JSON decoding in Go

Incidentally, decoding JSON data (or really, almost any data structure) is really easy in Go (golang). We simply call json.Unmarshal(…) and boom! We have nice data structures.

Well, except if our input source is not very well defined (meaning not strictly typed).

Objects with loose schema

Take this example. We want to decode a JSON object that looks like this:

{
  "author": "attila@attilaolah.eu",
  "title":  "My Blog",
  "url":    "http://attilaolah.eu"
}

The usual way to go is to decode it into a struct:

type Record struct {
    Author string `json:"author"`
    Title  string `json:"title"`
    URL    string `json:"url"`
}

func Decode(r io.Reader) (x *Record, err error) {
    x = new(Record)
    err = json.NewDecoder(r).Decode(x)
    return
}

That’s fairly easy. But what happens if suddenly we add a new data source that uses numeric author IDs instead of emails? For example, we might have an input stream that looks like this:

[{
  "author": "attila@attilaolah.eu",
  "title":  "My Blog",
  "url":    "http://attilaolah.eu"
}, {
  "author": 1234567890,
  "title":  "Westartup",
  "url":    "http://www.westartup.eu"
}]

Decoding to interface{}

An quick & easy fix is to decode the author field to an interface{} and then do a type switch. Something like this:

type Record struct {
    AuthorRaw interface{} `json:"author"`
    Title     string      `json:"title"`
    URL       string      `json:"url"`

    AuthorEmail string
    AuthorID    uint64
}

func Decode(r io.Reader) (x *Record, err error) {
    x = new(Record)
    if err = json.NewDecoder(r).Decode(x); err != nil {
        return
    }
    switch t := x.AuthorRaw.(type) {
    case string:
        x.AuthorEmail = t
    case float64:
        x.AuthorID = uint64(t)
    }
    return
}

That was easy… except, it doesn’t work. What happens when our IDs get close to 264-1? Their precision will not fit in a float64, so our decoder will end up rounding some IDs. Too bad.

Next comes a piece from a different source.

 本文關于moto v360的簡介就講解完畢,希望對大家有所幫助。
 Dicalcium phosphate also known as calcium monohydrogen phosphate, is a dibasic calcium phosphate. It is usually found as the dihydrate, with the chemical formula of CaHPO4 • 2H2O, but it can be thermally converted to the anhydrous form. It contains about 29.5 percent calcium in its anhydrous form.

Decoder.UseNumber() to the rescue!

Luckily there’s an easy way to fix this: by calling Decoder.UseNumber(). “UseNumber causes the Decoder to unmarshal a number into an interface{} as a Number instead of as a float64” — from the docs.

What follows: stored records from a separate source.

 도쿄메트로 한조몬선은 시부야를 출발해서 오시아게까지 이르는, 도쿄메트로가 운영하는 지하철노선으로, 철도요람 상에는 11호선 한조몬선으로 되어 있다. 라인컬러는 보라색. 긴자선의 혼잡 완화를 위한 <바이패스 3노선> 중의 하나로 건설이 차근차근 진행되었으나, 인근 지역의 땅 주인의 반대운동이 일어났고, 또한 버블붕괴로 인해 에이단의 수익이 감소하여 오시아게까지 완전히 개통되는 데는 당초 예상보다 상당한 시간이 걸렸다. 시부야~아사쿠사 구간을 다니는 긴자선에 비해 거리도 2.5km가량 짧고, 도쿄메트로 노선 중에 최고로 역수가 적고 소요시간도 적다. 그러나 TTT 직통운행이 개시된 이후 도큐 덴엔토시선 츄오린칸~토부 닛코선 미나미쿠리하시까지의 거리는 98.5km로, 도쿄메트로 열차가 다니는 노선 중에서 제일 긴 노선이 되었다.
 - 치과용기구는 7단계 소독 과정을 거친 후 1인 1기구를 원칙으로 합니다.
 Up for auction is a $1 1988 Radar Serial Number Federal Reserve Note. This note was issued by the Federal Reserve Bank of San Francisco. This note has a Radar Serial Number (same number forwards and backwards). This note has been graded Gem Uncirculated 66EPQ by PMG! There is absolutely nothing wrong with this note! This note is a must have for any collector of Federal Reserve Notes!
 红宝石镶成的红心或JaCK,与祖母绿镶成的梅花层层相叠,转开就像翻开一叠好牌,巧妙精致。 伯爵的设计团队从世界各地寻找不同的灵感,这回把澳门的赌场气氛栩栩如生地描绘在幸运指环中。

Now our previous example would look something like this:

func Decode(r io.Reader) (x *Record, err error) {
    x = new(Record)
    if err = json.NewDecoder(r).Decode(x); err != nil {
        return
    }
    switch t := x.AuthorRaw.(type) {
    case string:
        x.AuthorEmail = t
    case json.Number:
        var n uint64
        // We would shadow the outer `err` here by using `:=`
        n, err = t.Int64()
        x.AuthorID = n
    }
    return
}

Seems fine, now, right? Nope! This will still fail for numbers > 263, as they would overflow the int64.

No we see that if we want to decode a JSON a number into an uint64, we really have ta call Decoder.Decode(…) (or json.Unmarshal(…)) with a *uint64 argument (a pointer to a uint64). We could do that simply by directly decoding the string representation of the number. Instead of:

        n, err = t.Int64()

…we could write:

        err = json.Unmarshal([]byte(t.String()), &n)

Wait… Let’s use json.RawMessage instead.

Now we’re correctly decoding large numbers into uint64. But now we’re also just using the json.Number type to delay decoding of a particular value. To do that, the json package provides a more powerful type: json.RawMessage. RawMessage simply delays the decoding of part of a message, so we can do it ourselves later. (We can also use it to special-case encoding of a value.)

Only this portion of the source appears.